## HOW TO COMPLETE THIS TASK
Only the lines from the one containing "Hot Leathers FLM2023" through the last line of the data below belong in your answer, copied exactly and without pictures.

## INPUT DATA
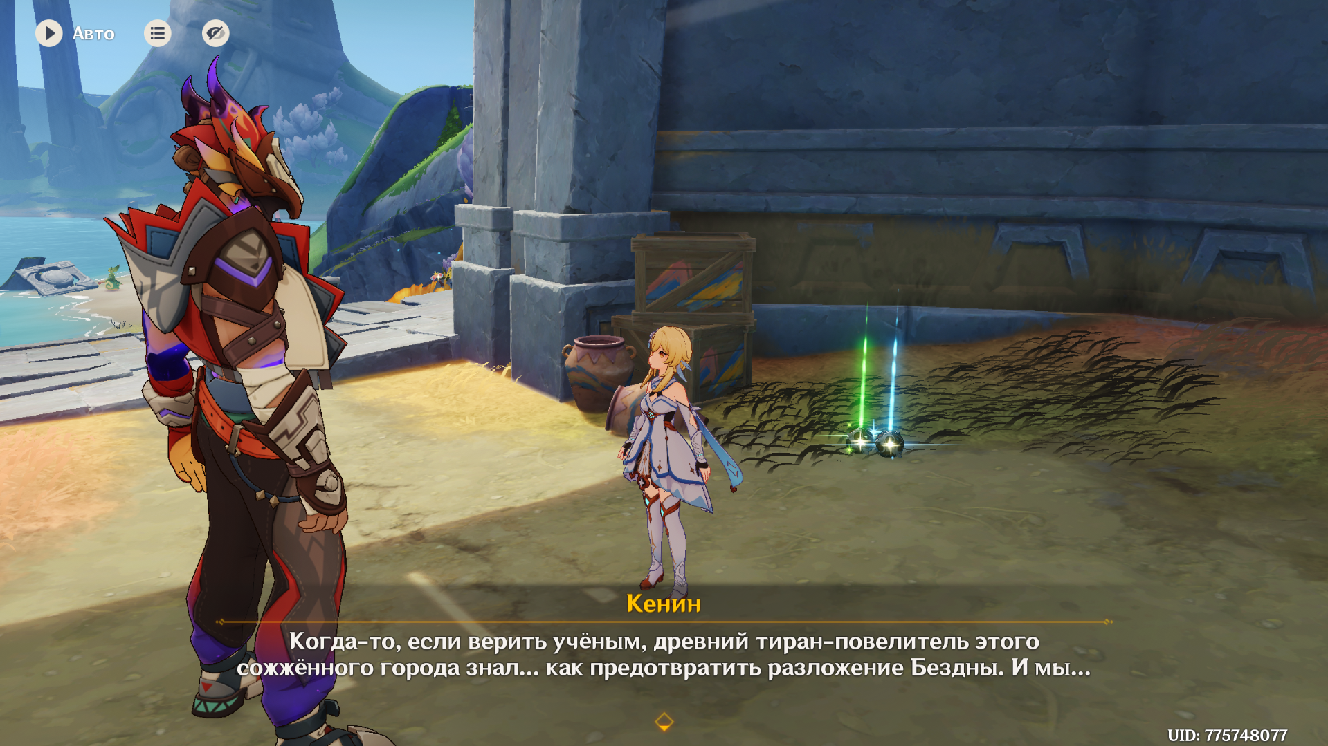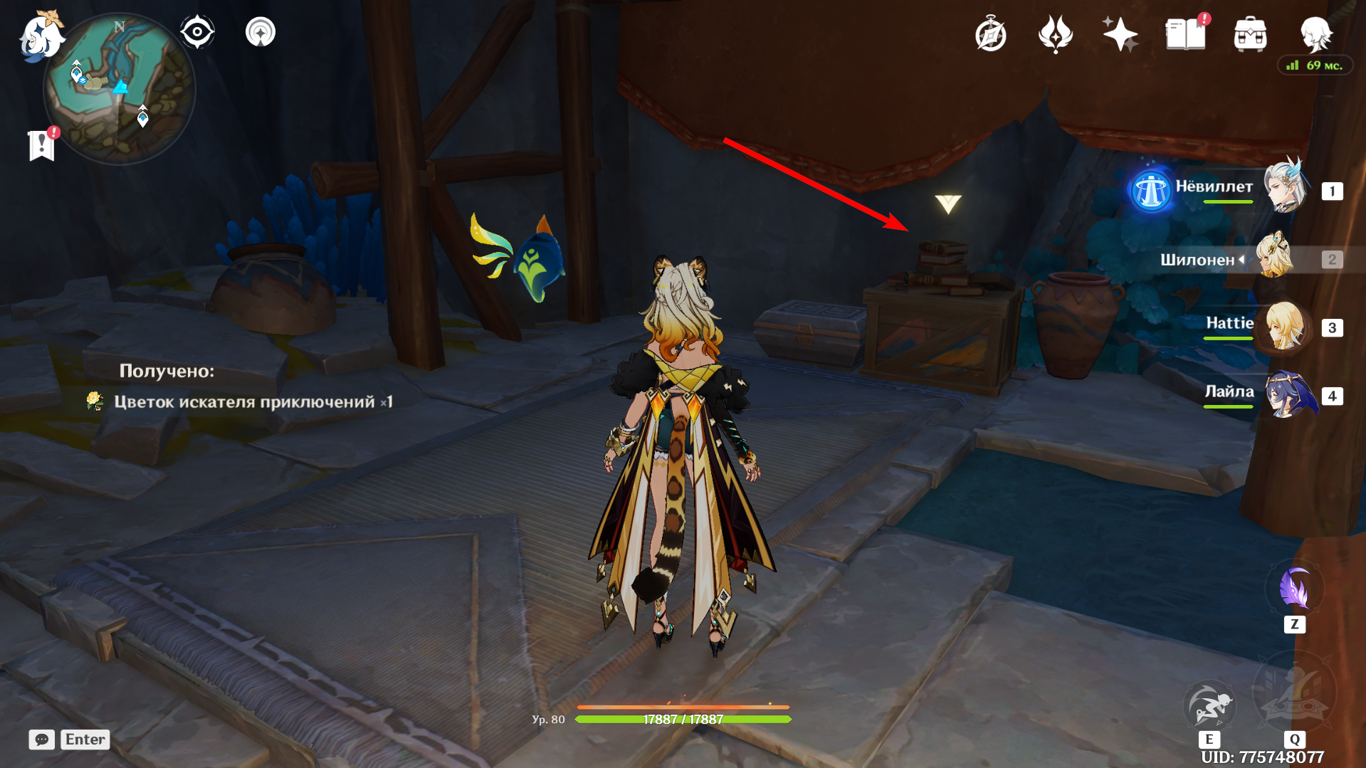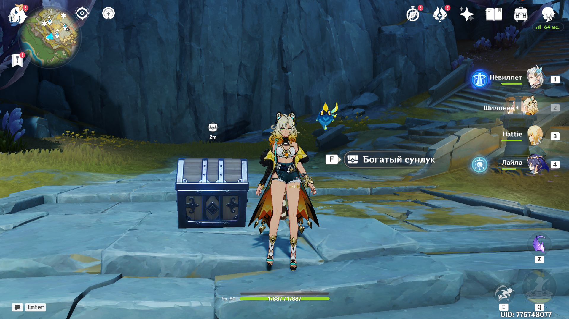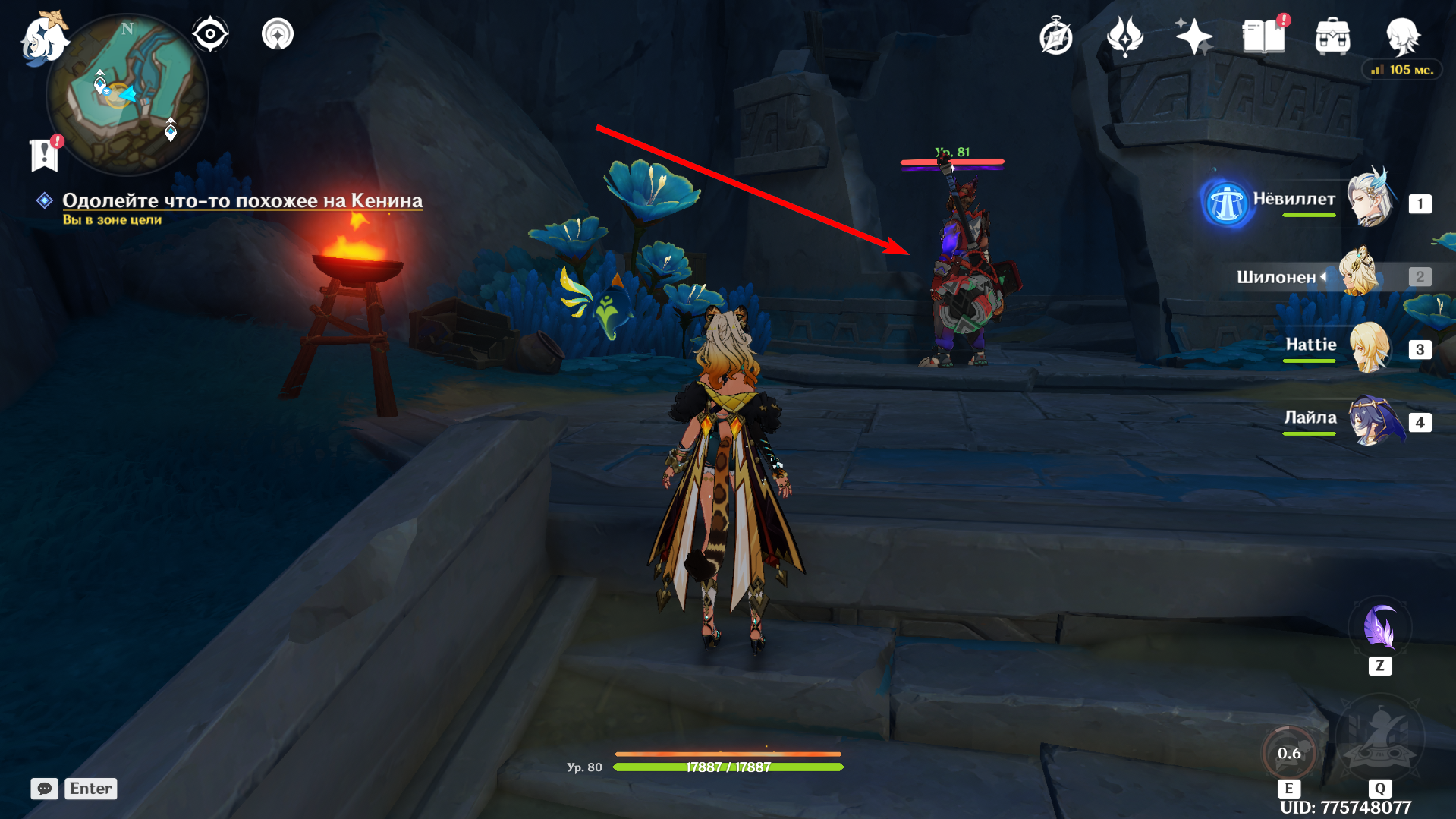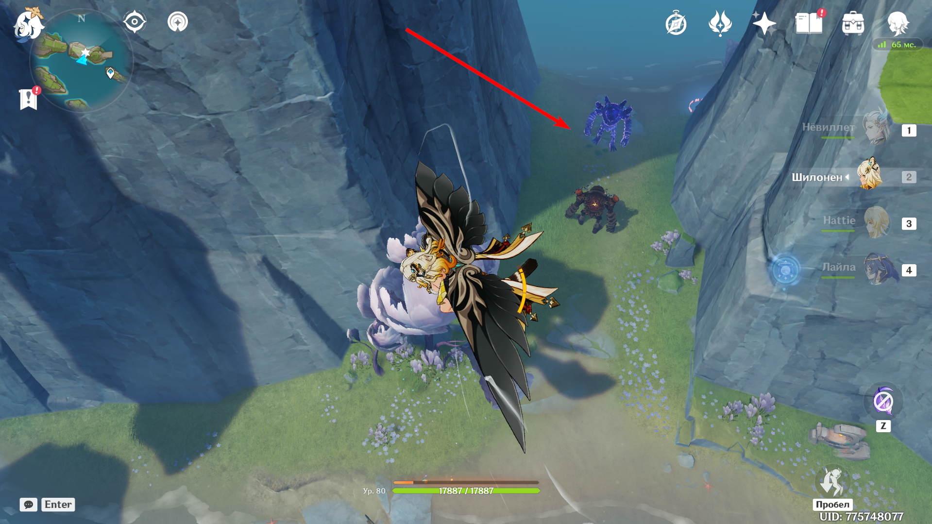 Вернитесь к предыдущему телепорту, но пройдите в этот раз немного западнее и прыгайте вниз. Возле группы погибших хиличурлов в руинах вы увидите богатый сундук, окутанный фиолетовым светом. Откройте его и одолейте первую мимифлору вместе с подоспевшим на помощь Кенином. Мужчина вновь попросит покинуть эти опасные места, а вы сможете забрать уже настоящую сокровищницу.
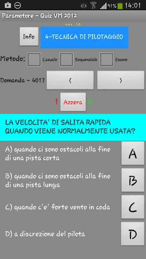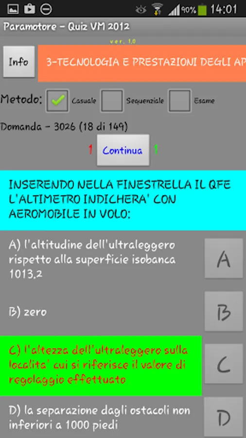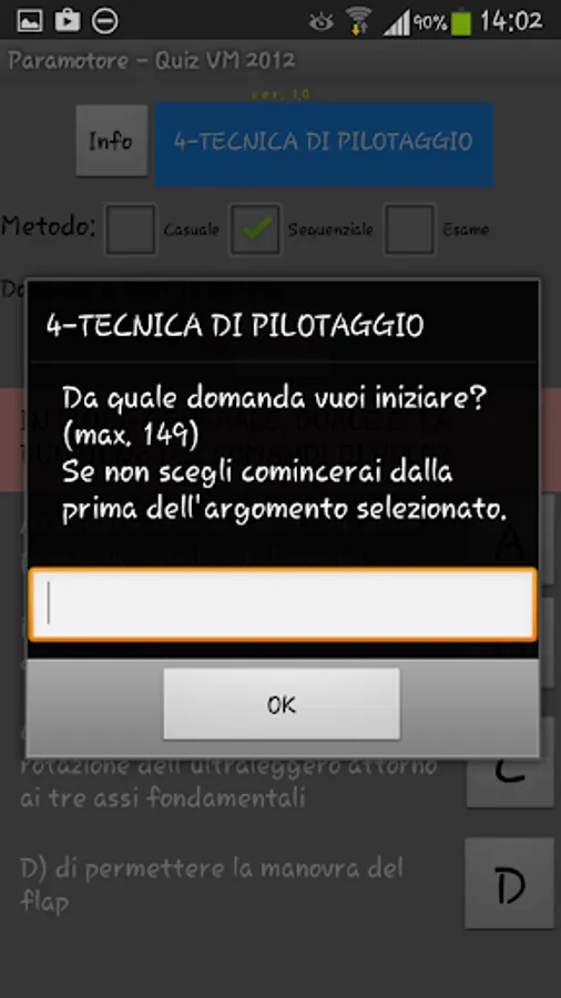- SEQUENTIAL: the 50 questions are asked in sequence from a selected topic in advance and with no time limit (allows the desired application from the selected topic);
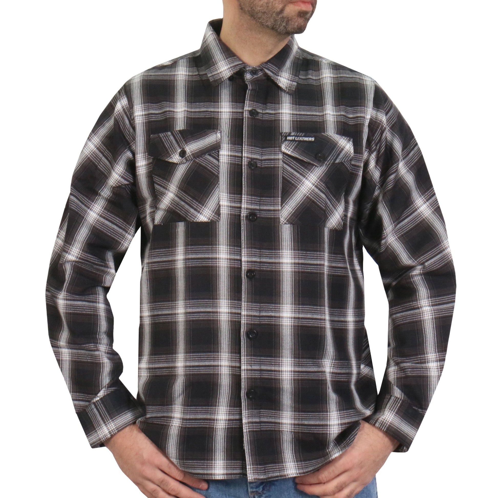 Hot Leathers FLM2023 Men's 'White and Black' Flannel Long Sleeve Shirt
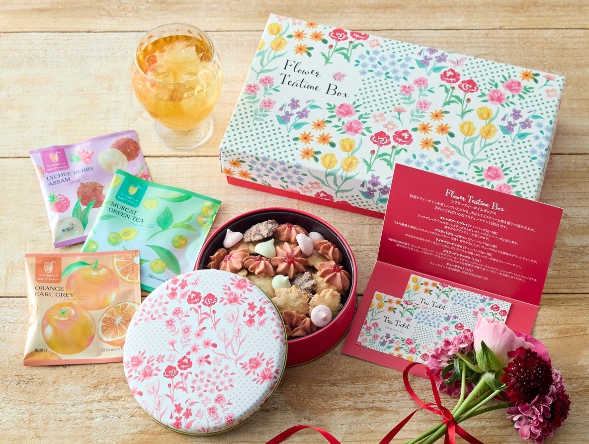 ほのかに甘いライチと甘酸っぱいベリーが香る新作の「ライチベリーアッサム」などフルーティーな水出しアイスティー3種をメインに、5種の焼き菓子をぎゅっと詰めたお菓子缶「フラワーアンサンブル」、店内でご利用いただけるティーチケット2枚をギフトに仕立てた「フラワーティータイムボックス」が、お花を描いた華やかなパッケージで登場。感謝の気持ちを添えて贈る<母の日ギフト>として、期間限定で発売します。

## RESULT OF THIS EXERCISE
 Hot Leathers FLM2023 Men's 'White and Black' Flannel Long Sleeve Shirt
 ほのかに甘いライチと甘酸っぱいベリーが香る新作の「ライチベリーアッサム」などフルーティーな水出しアイスティー3種をメインに、5種の焼き菓子をぎゅっと詰めたお菓子缶「フラワーアンサンブル」、店内でご利用いただけるティーチケット2枚をギフトに仕立てた「フラワーティータイムボックス」が、お花を描いた華やかなパッケージで登場。感謝の気持ちを添えて贈る<母の日ギフト>として、期間限定で発売します。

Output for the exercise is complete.